++++ DATA RECORDS
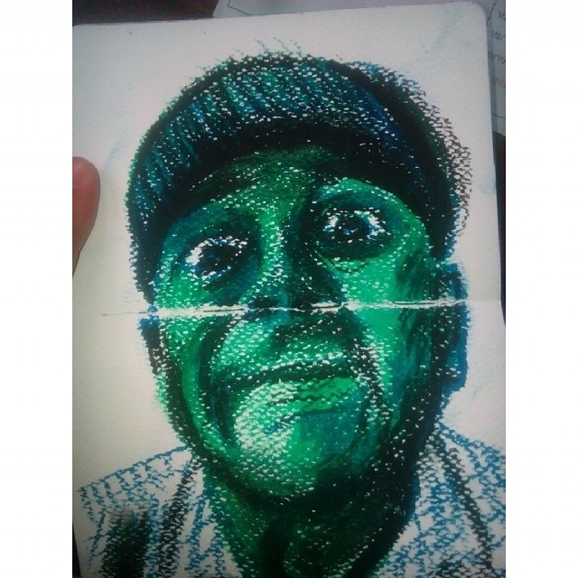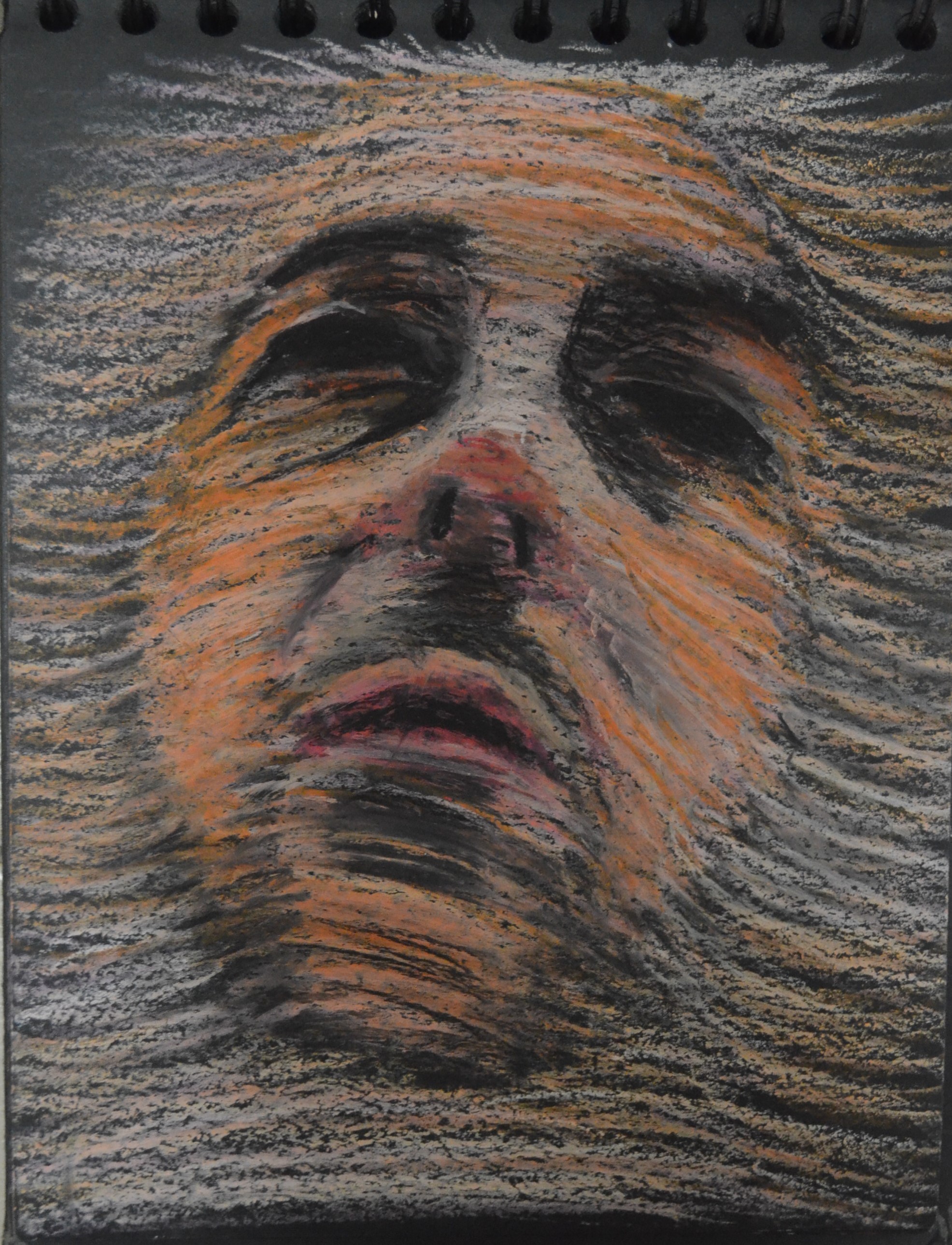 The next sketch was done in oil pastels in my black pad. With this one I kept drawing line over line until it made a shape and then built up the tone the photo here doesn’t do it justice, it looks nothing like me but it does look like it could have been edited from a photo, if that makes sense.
++++++++
++++ DATA RECORDS
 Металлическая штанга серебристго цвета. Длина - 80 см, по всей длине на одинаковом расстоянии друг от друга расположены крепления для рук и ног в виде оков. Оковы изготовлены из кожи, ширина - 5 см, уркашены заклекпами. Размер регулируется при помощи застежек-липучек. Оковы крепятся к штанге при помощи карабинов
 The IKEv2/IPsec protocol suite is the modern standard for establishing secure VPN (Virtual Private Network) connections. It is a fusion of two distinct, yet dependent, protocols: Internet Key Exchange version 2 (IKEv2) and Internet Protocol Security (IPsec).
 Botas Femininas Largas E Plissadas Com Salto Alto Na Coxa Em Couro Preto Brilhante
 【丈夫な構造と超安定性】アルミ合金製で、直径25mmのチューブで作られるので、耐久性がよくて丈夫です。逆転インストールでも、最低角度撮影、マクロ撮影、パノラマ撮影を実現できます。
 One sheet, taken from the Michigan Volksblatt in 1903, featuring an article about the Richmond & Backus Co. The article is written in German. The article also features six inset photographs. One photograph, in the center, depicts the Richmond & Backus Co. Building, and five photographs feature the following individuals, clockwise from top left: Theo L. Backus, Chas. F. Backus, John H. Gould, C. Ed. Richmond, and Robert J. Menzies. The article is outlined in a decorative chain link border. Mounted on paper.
++++++++
* _EXERCISE DETAILS_:
In the entries above, the lines between the one holding "Botas Femininas Largas" and the one holding "One sheet, taken", inclusive, are to be printed exactly as written, and those alone.

* _EXPECTED OUTPUT_:
 Botas Femininas Largas E Plissadas Com Salto Alto Na Coxa Em Couro Preto Brilhante
 【丈夫な構造と超安定性】アルミ合金製で、直径25mmのチューブで作られるので、耐久性がよくて丈夫です。逆転インストールでも、最低角度撮影、マクロ撮影、パノラマ撮影を実現できます。
 One sheet, taken from the Michigan Volksblatt in 1903, featuring an article about the Richmond & Backus Co. The article is written in German. The article also features six inset photographs. One photograph, in the center, depicts the Richmond & Backus Co. Building, and five photographs feature the following individuals, clockwise from top left: Theo L. Backus, Chas. F. Backus, John H. Gould, C. Ed. Richmond, and Robert J. Menzies. The article is outlined in a decorative chain link border. Mounted on paper.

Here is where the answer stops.